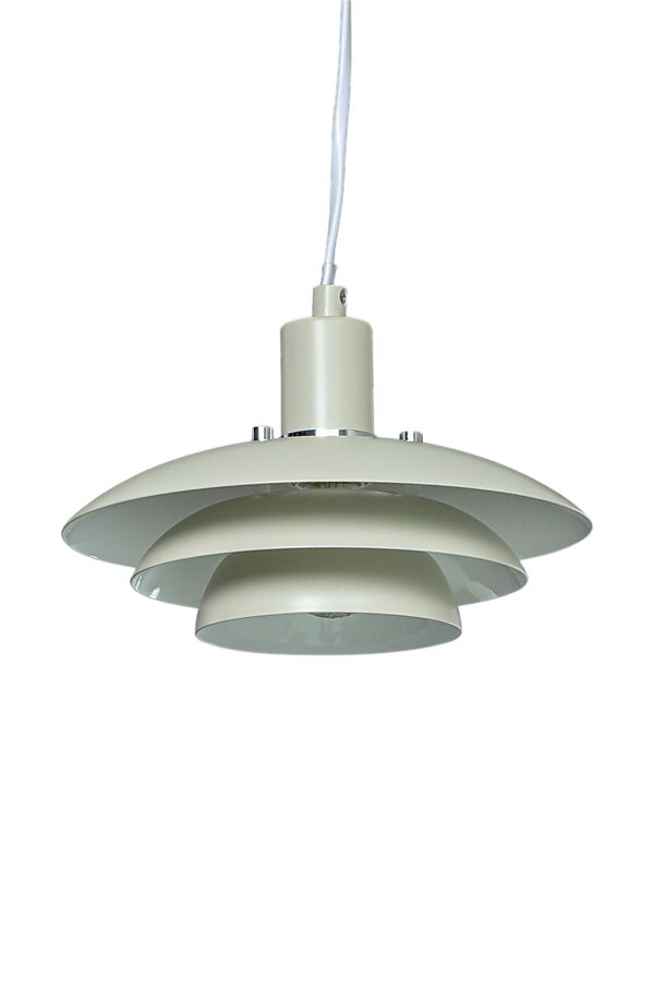 Metallet i lampens skærm sikrer robusthed og en tidløs finish, mens den glatte, hvide overflade bidrager til et stilrent look med let vedligeholdelse. Pendlen bruger en standard E14 fatning, der kan rumme op til 30W, hvilket gør det nemt at skifte pærer efter ønske.
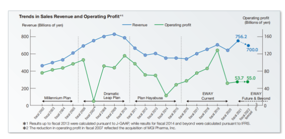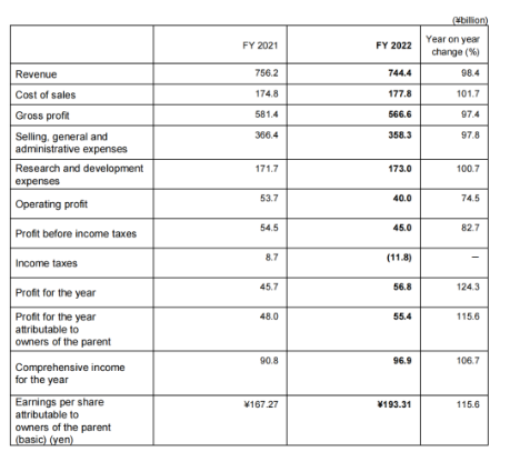 2022年收入7444亿日元(50.43亿美元,1.00美元=147.62日元),营业利润400亿日元(2.71亿美元)。虽然抗癌剂Lenvima(仑伐替尼)等全球品牌持续增长,但收入减少主要是由于默克公司的销售里程碑付款减少(本财政年度为167亿日元,上一财政年度为692亿日元),上一财年百时美施贵宝根据战略合作就抗体药物偶联物MORAB-202支付的预付款(496亿日元)虽然营业利润有所下降,但医药业务的分部利润大幅增长。
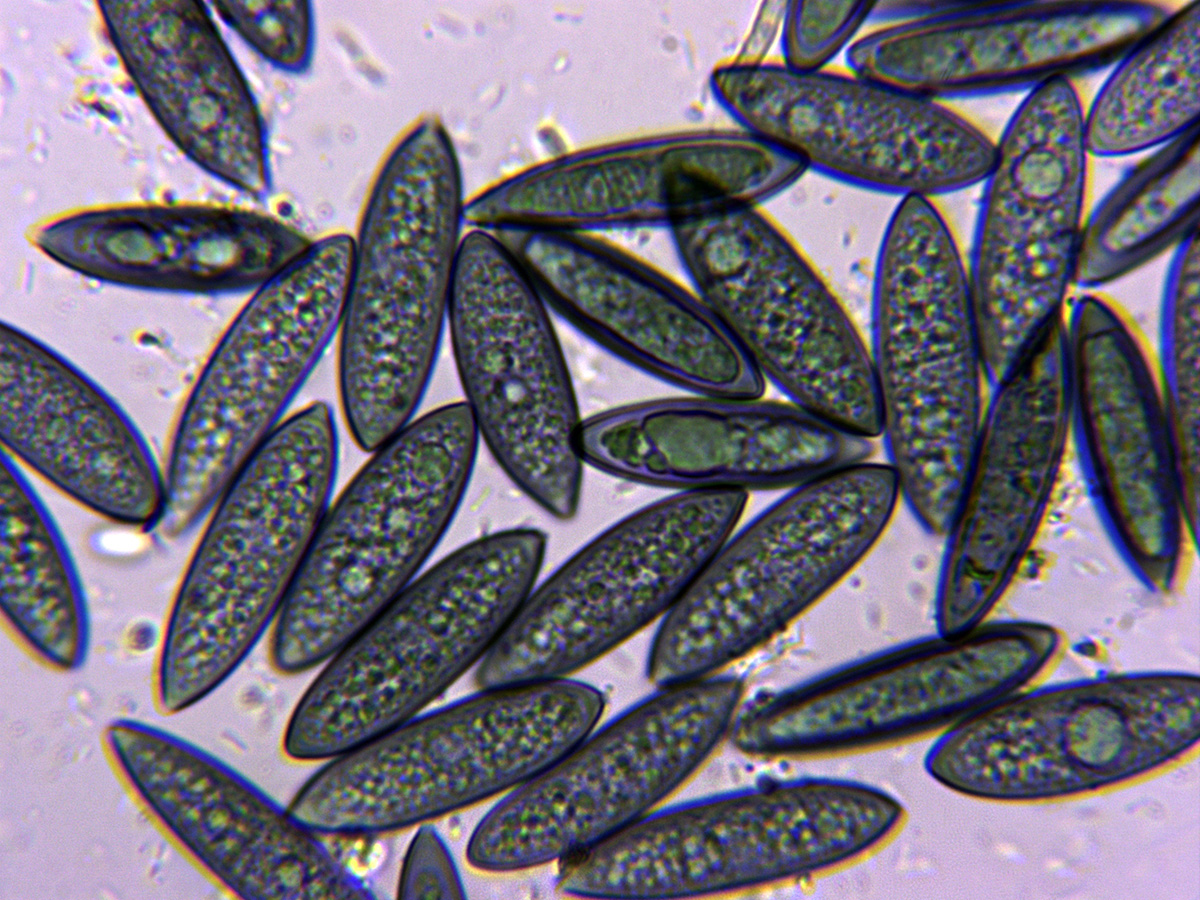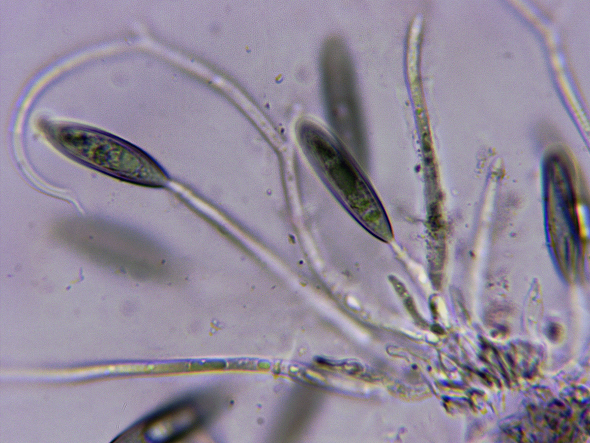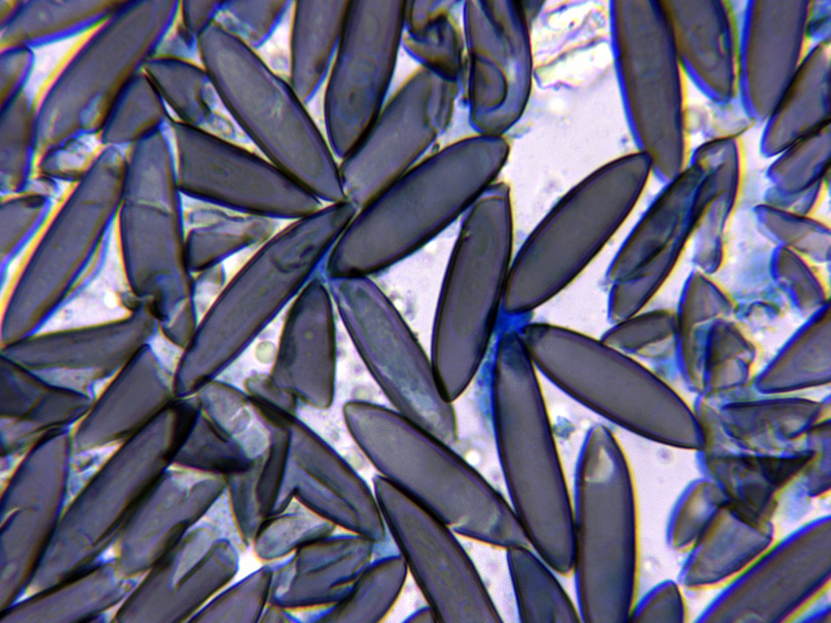 Conidios en KOH, en este caso se oscurecieron sensiblemente a azul.
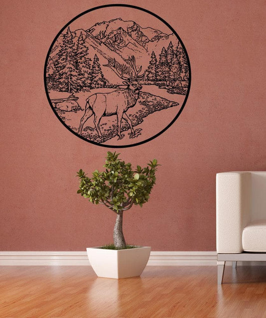 Vinyl Wall Decal Sticker River Scenery With Deer #5282
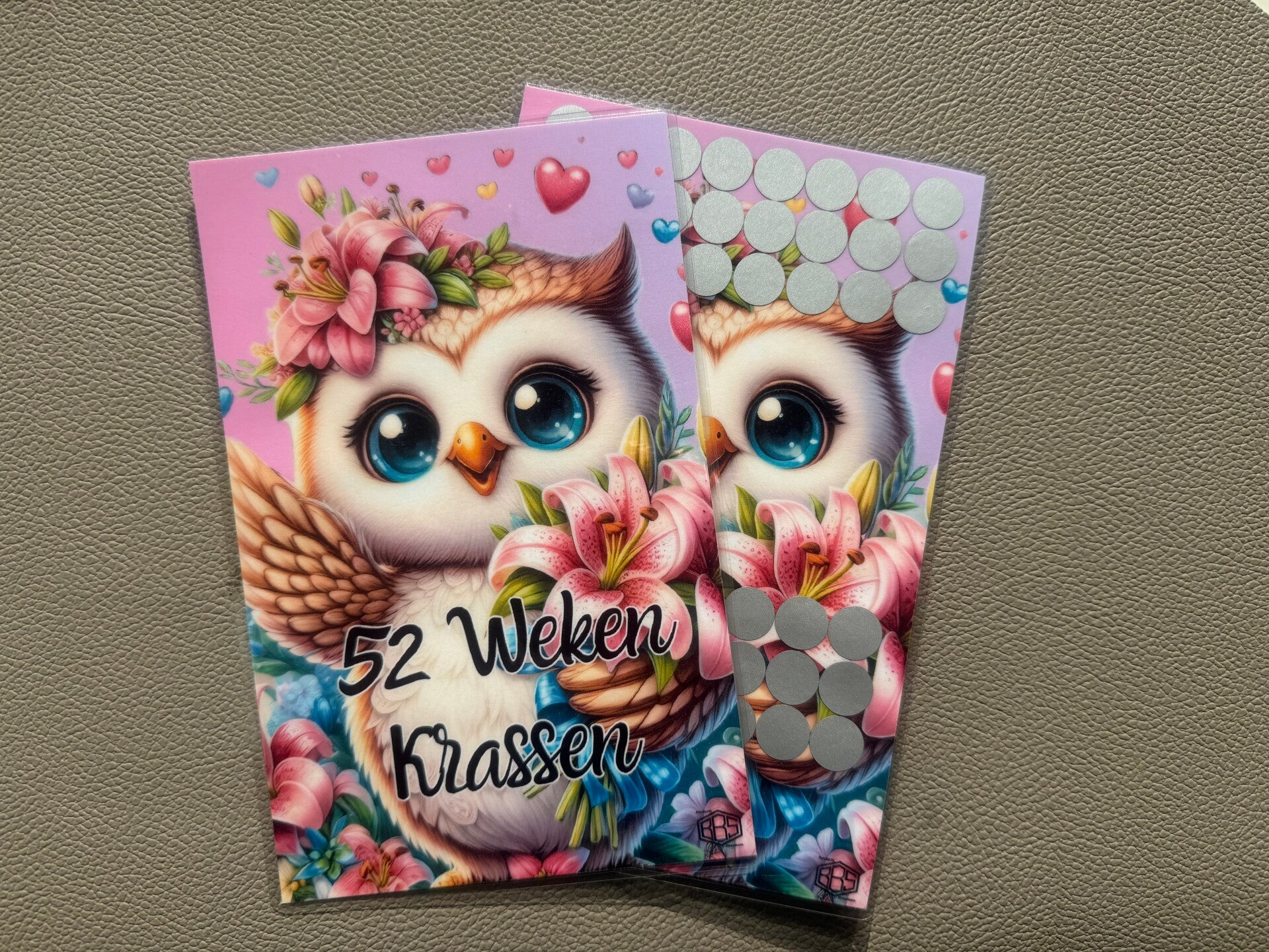 Elke week kras je één vakje open en spaar je het bedrag dat tevoorschijn komt. De bedragen variëren van €1 tot €5 – dus altijd betaalbaar!

> [Action item]: The material should be returned verbatim, with all images omitted.

> [Result of this exercise]:
 Metallet i lampens skærm sikrer robusthed og en tidløs finish, mens den glatte, hvide overflade bidrager til et stilrent look med let vedligeholdelse. Pendlen bruger en standard E14 fatning, der kan rumme op til 30W, hvilket gør det nemt at skifte pærer efter ønske.
 2022年收入7444亿日元(50.43亿美元,1.00美元=147.62日元),营业利润400亿日元(2.71亿美元)。虽然抗癌剂Lenvima(仑伐替尼)等全球品牌持续增长,但收入减少主要是由于默克公司的销售里程碑付款减少(本财政年度为167亿日元,上一财政年度为692亿日元),上一财年百时美施贵宝根据战略合作就抗体药物偶联物MORAB-202支付的预付款(496亿日元)虽然营业利润有所下降,但医药业务的分部利润大幅增长。
 Conidios en KOH, en este caso se oscurecieron sensiblemente a azul.
 Vinyl Wall Decal Sticker River Scenery With Deer #5282
 Elke week kras je één vakje open en spaar je het bedrag dat tevoorschijn komt. De bedragen variëren van €1 tot €5 – dus altijd betaalbaar!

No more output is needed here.